» **DIRECTIONS**: All lines in the records below from the line with "Our Floral Embroidered" through the line with "seidensticker Shirtblouse Zwarte" are to be given again exactly, both ends included; the pictures are to be left out.

» **DATA RECORDS**:
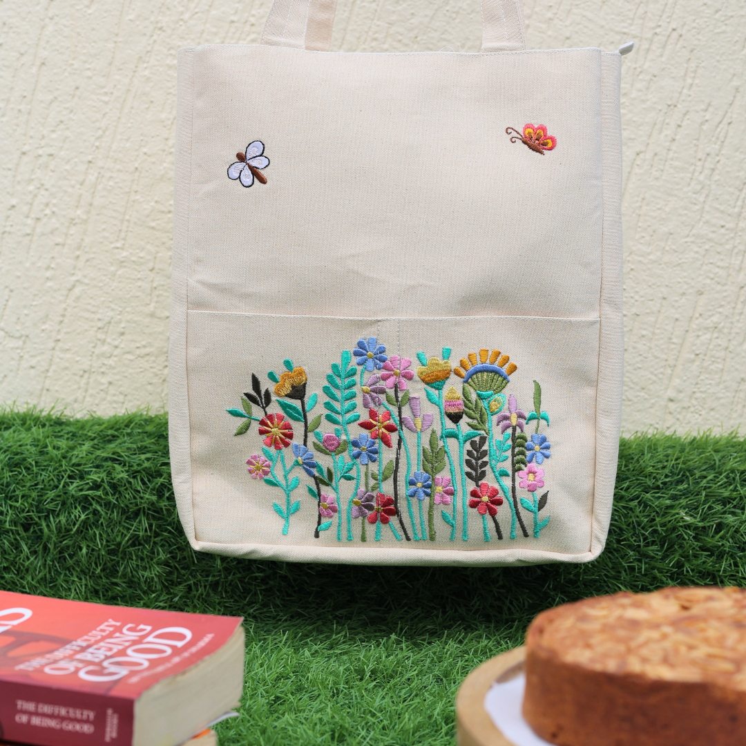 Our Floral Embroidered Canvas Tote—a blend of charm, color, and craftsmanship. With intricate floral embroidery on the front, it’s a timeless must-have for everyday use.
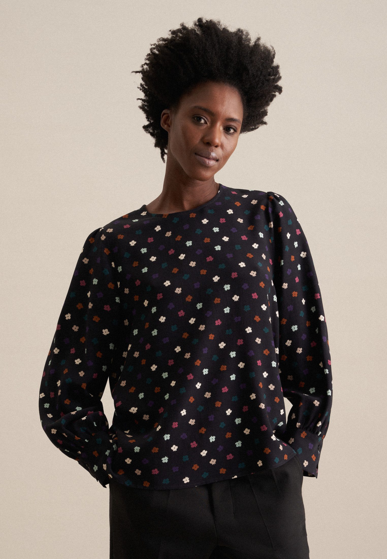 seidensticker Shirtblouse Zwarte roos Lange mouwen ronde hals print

--

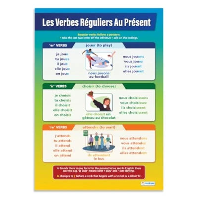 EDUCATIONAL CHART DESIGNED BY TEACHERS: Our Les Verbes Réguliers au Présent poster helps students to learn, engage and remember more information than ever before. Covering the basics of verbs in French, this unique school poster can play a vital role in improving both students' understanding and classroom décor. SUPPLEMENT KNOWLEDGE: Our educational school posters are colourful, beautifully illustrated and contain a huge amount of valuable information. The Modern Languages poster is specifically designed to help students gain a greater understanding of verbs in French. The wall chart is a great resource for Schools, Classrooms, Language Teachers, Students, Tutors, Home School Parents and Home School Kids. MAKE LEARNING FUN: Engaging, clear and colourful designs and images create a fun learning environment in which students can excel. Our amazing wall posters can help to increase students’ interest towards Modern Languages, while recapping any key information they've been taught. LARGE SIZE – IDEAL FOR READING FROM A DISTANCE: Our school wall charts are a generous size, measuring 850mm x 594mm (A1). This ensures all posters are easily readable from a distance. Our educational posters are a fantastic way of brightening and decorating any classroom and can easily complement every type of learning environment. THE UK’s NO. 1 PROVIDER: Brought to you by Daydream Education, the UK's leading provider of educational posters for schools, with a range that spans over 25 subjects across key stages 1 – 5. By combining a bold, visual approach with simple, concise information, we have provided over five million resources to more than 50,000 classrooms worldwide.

» **ANSWER BOX**:
 Our Floral Embroidered Canvas Tote—a blend of charm, color, and craftsmanship. With intricate floral embroidery on the front, it’s a timeless must-have for everyday use.
 seidensticker Shirtblouse Zwarte roos Lange mouwen ronde hals print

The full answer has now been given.